If you're a fan of spicy food, you probably already know about harissa. The North African condiment has roots in Tunisia but is used in many Middle Eastern cusines as well. It's smoky, spicey, and garlicky, and it goes well in a wide array of dishes, like chicken thighs and roasted eggplant. Typically, harissa comes in a paste sold in jars or tubes, or one than you can make yourself. But it's also available in another format that I hadn't explored much until recently: as a dried, jarred spice mix that is easy to store and just as easy to incorporate into everything you make. 
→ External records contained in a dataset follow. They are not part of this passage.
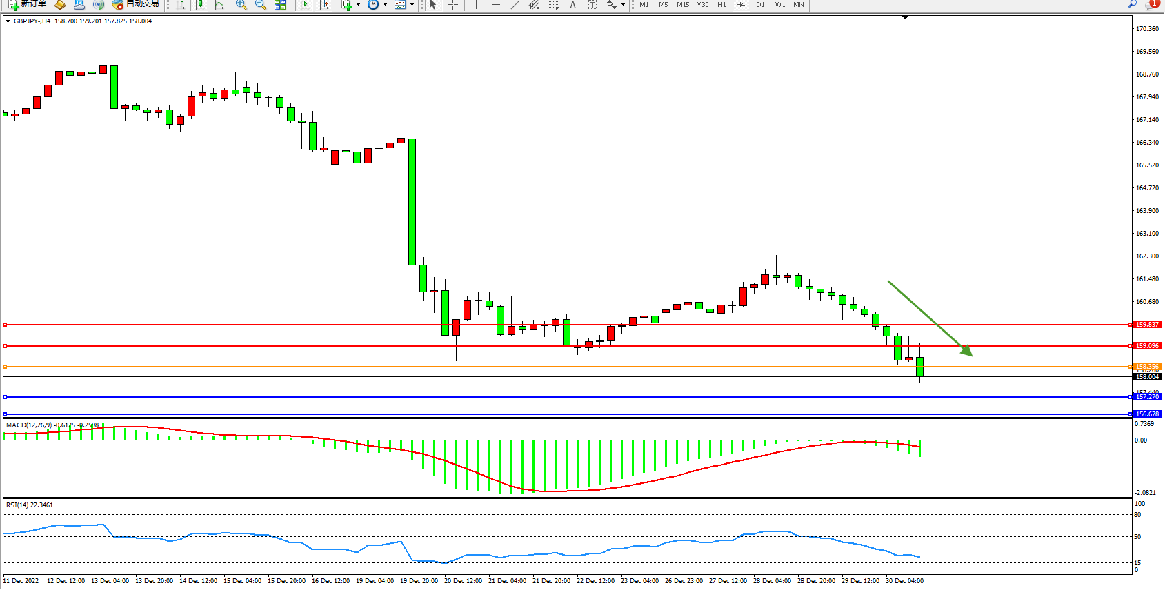 英镑日圆GBPJPY——4小时K线图显示:
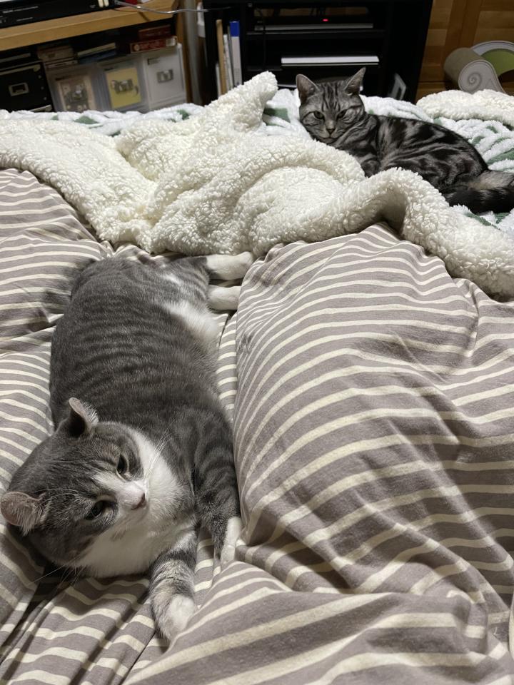 早朝は主張の激しい猫ズですが、この時間帯はまったりなの?
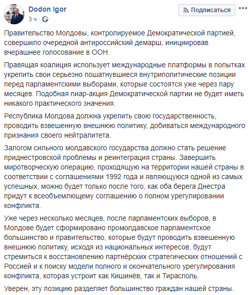 "Правительство Молдовы, контролируемое Демократической партией, совершило очередной антироссийский демарш, инициировав вчерашнее голосование в ООН", - заявил молдавский лидер.
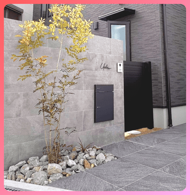 東洋石創のリジットやタカショーのセラレバンテなど、大判タイルを使用することで高級感を演出。色味もグレーでまとめることで、お住まいの外壁とも相性抜群!

I'm a habitual wanderer of grocery store spice aisles, and so when I saw New York Shuk's Rosey Harissa Spice, with its delicately illustrated label and promise of a more floral, mild harissa taste, I picked it up. The next day, I was going to make myself a quick tuna melt for dinner after a long day out and used it as part of the tuna salad I made myself, with fantastic results. Over the following few weeks I incorporated it into a homemade mayonnaise as a dip for oven fries and threw it into a chickpea curry I made. The flavor of the spices was complex but not overwhelmingly hot. 

 

New York Shuk also makes an Herby harissa Spice and a Fiery Harissa Spice, which differ fromt the Rosey edition in the ways reflected in their names. I've used the Fiery harissa when I want a little extra heat, and the Herby one in vinaigrettes. The company also makes a harissa in a jar, as well as a preserved lemon paste. I particularly love the preserved lemon paste, which brings the salty, sour bite of preserved lemons into dishes without the process of breaking down a whole lemon. 

Dried harissa isn't something that you'd want in your spice arsenal before, say, cumin or cayenne, but if you're already a fan of the stuff and are looking for a very good version of it, pick up New York Shuk's Rosey Harissa Spice. You won't be sorry.